Критические статьи, очерки, письма
Шрифт:
Последнее замечание, которое окончательно доказывает эпический характер этой эпохи: как своими сюжетами, так и принятыми ею формами трагедия лишь повторяет эпопею. Все древние трагики пересказывают Гомера. Та же фабула, те же катастрофы, те же герои. Все трагики черпают из гомеровской реки. Это все те же «Илиада» и «Одиссея». Подобно Ахиллу, влачащему за собой Гектора, греческая трагедия кружится вокруг Трои.
Но вот век эпопеи приходит к концу. Подобно обществу, которое она представляет, поэзия эта, вращаясь вокруг самой себя, исчерпала свои силы. Рим подражает Греции, Вергилий следует Гомеру; и словно для того, чтобы достойно окончить жизнь, эпическая поэзия умирает, породив своего последнего поэта.
Пора пришла. Для мира и для поэзии наступает новая эпоха.

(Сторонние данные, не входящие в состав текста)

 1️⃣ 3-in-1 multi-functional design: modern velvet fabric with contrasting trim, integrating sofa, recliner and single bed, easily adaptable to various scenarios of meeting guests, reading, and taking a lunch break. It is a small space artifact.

В сердце древнего общества проникает спиритуалистическая религия, вытесняя собой грубое, поверхностное язычество; она убивает его и в этот труп одряхлевшей цивилизации закладывает зародыш новой цивилизации. Эта религия объемлет все, ибо она истинна; между своей догмой и своим культом она поселяет мораль. И прежде всего, как самую первую свою истину, она внушает человеку, что перед ним — две жизни, одна — преходящая, другая — бессмертная; одна — земная, другая — небесная. Она учит его тому, что он является двойственным, как и его судьба, что он заключает в себе животное и дух, душу и тело, словом — что он является точкой пересечения, общим звеном обеих цепей тех существ, которые обнимают собою все сущее, существ материальных и существ бестелесных, из которых первые идут от камня, чтобы прийти к человеку, вторые — от человека, чтобы закончиться в боге.

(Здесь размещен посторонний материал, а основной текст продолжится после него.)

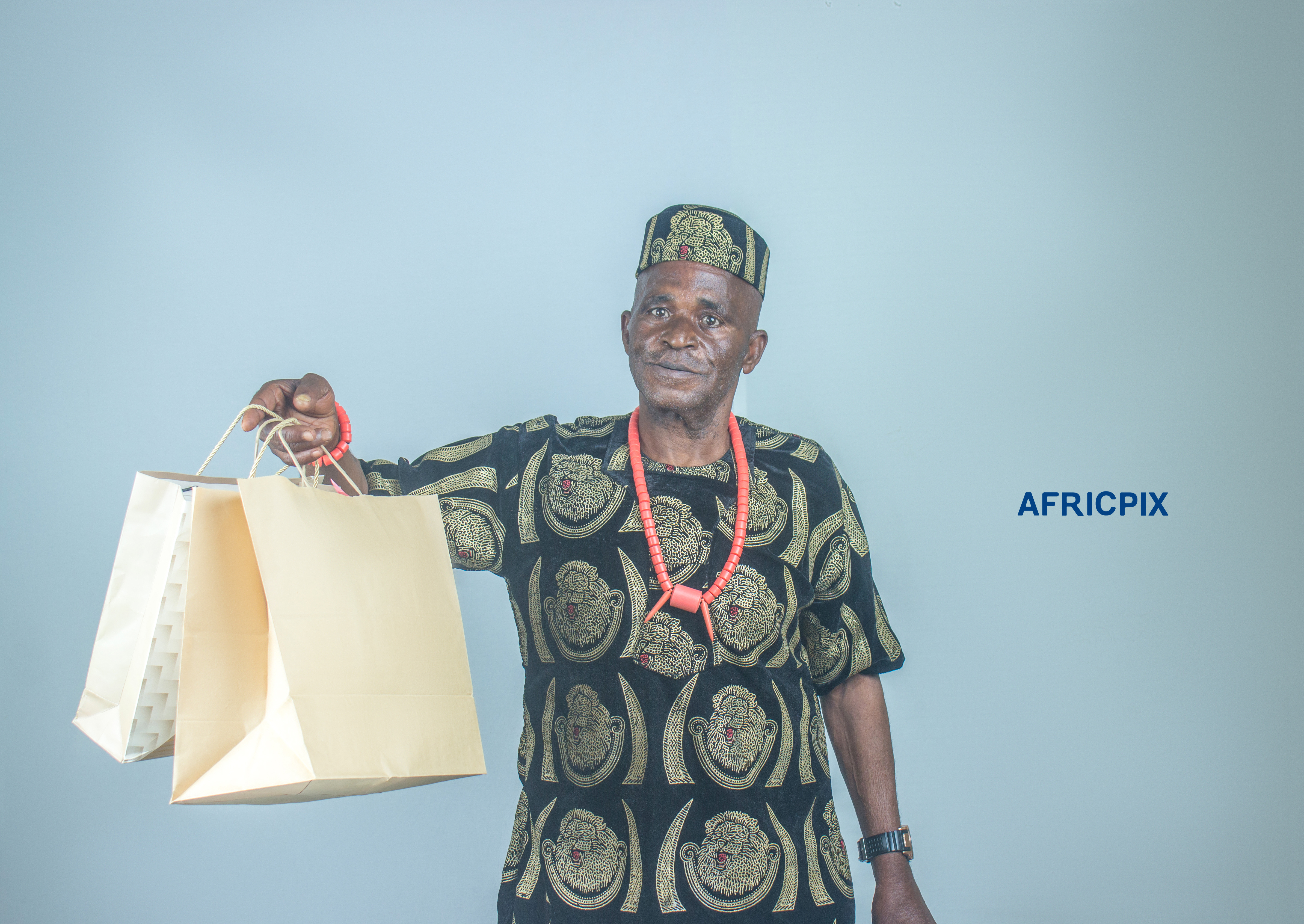 A joyful African Nigerian Igbo holding a gift bag the is looking happy

Некоторые мудрецы древности, может быть, и угадывали часть этой истины, но только в евангелии получила сна свое полное, ясное и свободное выражение. Языческие школы брели ощупью в ночи, ведомые случаем, цепляясь за вымысел так же, как и за истину. Некоторые из их философов иногда озаряли предметы слабым светом, освещавшим только одну их сторону и оставлявшим другую в еще большей тьме. Отсюда все эти призраки, созданные древней философией. Только божественная мудрость смогла заменить широким и ровным светом эти трепетные проблески человеческой мудрости. Пифагор, Эпикур, Сократ, Платон — это факелы; Христос — это сияние солнца.
К тому же античная теогония была совершенно материалистична. Нисколько не пытаясь отделять, как то делает христианство, дух от плоти, она придает форму и лицо всему, даже сущностям, даже понятиям. Все для нее видимо, осязаемо, телесно. Ее богам, чтобы скрыться от взоров, необходимо облако. Они пьют, едят, спят. Им наносят раны, и они истекают кровью; их калечат, и они остаются хромыми навеки. У этой религии есть боги и половинки богов. Молния выковывается здесь на наковальне, и в состав ее, кроме всего прочего, входят три луча крученого дождя — «tres imbris torti radios». Ее Юпитер подвешивает мир на золотую цепь; ее солнце разъезжает на колеснице с четырьмя конями; ее ад — бездна, зев, которой география отмечает на земной поверхности; небом ей служит гора.
Так язычество, лепя все свои создания из одной глины, умаляет божество и возвеличивает человека. Герои Гомера почти что под стать богам. Аякс спорит с Юпитером, Ахилл не уступает Марсу. Как мы только что видели, христианство, напротив, резко отделяет дух от материи. Оно разверзает бездну между душой и телом, бездну между человеком и богом.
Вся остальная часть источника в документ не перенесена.